The current patch makes sure that we never advertise a response as status=OK falsely, so it's just a bugfix and should be safe to include in branch_7x from a breaking-change perspective. There's a lot of other problems with the replication handler responses that would require breaking changes. Specifically:
- "status" is only present on some responses. Ideally it should be present on all /replication responses so that clients can rely on it being there.
- "status" is used inconsistently. Some uses give it an enum-like value that clients could key off of, others treat it like a "message" field and just give it random error messages
- when errors occur, the "message" and "exception" fields are used inconsistently. Ideally if an error occurs there would always be a message, and sometimes there would also be an exception.
- many of the error-cases involving argument-validation set the status field properly but return with the wrong HTTP status (200). (i.e. they should throw a SolrException).

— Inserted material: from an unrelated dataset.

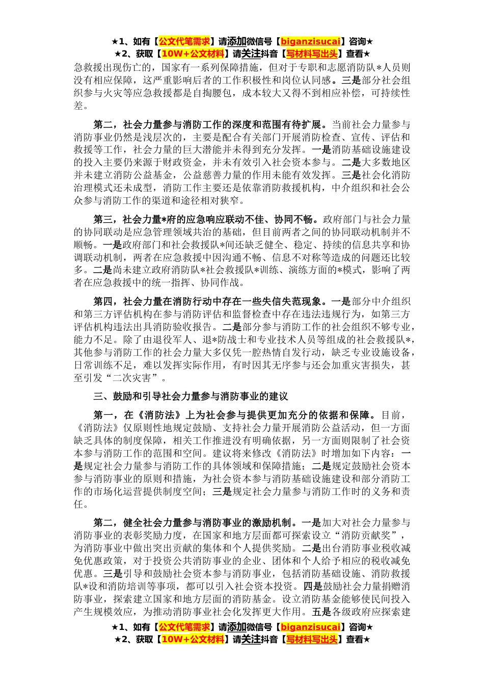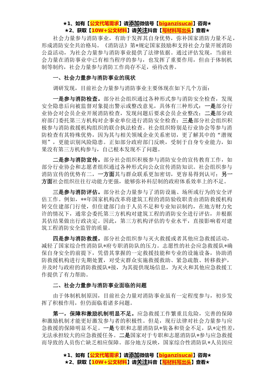 ★1、如有【公文代笔需求】请添加微信号【biganzisucai】咨询★★2、获取【10W+公文材料】请关注抖音【写材料写出头】查看★社会力量参与消防事业,有助于发挥其自身优势,弥补国家消防力量不足,形成消防安全共治格局。《消防法》第*规定国家鼓励和支持社会力量开展消防公益活动,为社会力量参与消防事业提供了法律依据。通过评估发现,当前社会力量在消防事业中已有相当程序的参与,也发挥了重要作用,但由于体制机制等制约,社会力量参与消防工作尚存不足,亟待改善。一、社会力量参与消防事业的现状调研发现,目前社会力量参与消防事业主要体现在如下几个方面:一是参与消防检查。部分社会组织通过各种形式参与消防安全检查,发现安全隐患后向被监督对象提出警示或整改意见,具体有三种形式:一是部分行业协会...

I plan on working some of these out soon in a larger commit that can be put on master.
Attached an updated patch that's intended for the master branch, and thus has liberty to do more to make the various responses from the /replication API more uniform. This version of the patch addresses all of the bullet points in my previous comment. Haven't run tests more generally yet, but I hope to commit to master in the next week or so.
One thing I forgot to clarify in my previous comment: both of these patches address all subcommands in the /replication API (not just "fetchindex") That was a point of discussion in the original effort on this JIRA, so just thought I'd clarify.
Commit 1df106e0e726ca0fe83d5074973d91a0fb21fd0a in lucene-solr's branch refs/heads/branch_7x from gerlowskija
[ https://git-wip-us.apache.org/repos/asf?p=lucene-solr.git;h=1df106e ]
SOLR-6117: Return correct 'status' from ReplicationHandler
Commit c951578fcabfd5520f425156b0fa35f35811554d in lucene-solr's branch refs/heads/master from gerlowskija
[ https://git-wip-us.apache.org/repos/asf?p=lucene-solr.git;h=c951578 ]
SOLR-6117: Unify ReplicationHandler error handling
Prior to this commit, ReplicationHandler had a few inconsistencies
in how it reported errors:
- Sometimes the 'status' field was used as an enum (e.g. 'success'
v. 'failure'. Elsewhere it is used to hold error messages. - Sometimes an explicit 'message' field was used, but often not.
- Sometimes a stack trace was provided in place of an error message.
This commit tweaks the various error cases in ReplicationHandler to
report errors consistently. 'status' is always an enum-type value. A
'message' field is provided for all errors, with an optional 'exception'
field.
Marking this as 'Fixed' for 8.0 and 7.7. To summarize/clarify, the fixes on master and branch_7x are a little different based on the need to avoid potentially breaking changes on 7x. The 7x changes only go far enough to fix the bug where we return a
"success" status even when the request fails. The master changes do this, as well as correcting a few inconsistencies between the different error cases.
Thanks Raintung.
In this patch, I've made changes to store the actual exception and to print it in the response.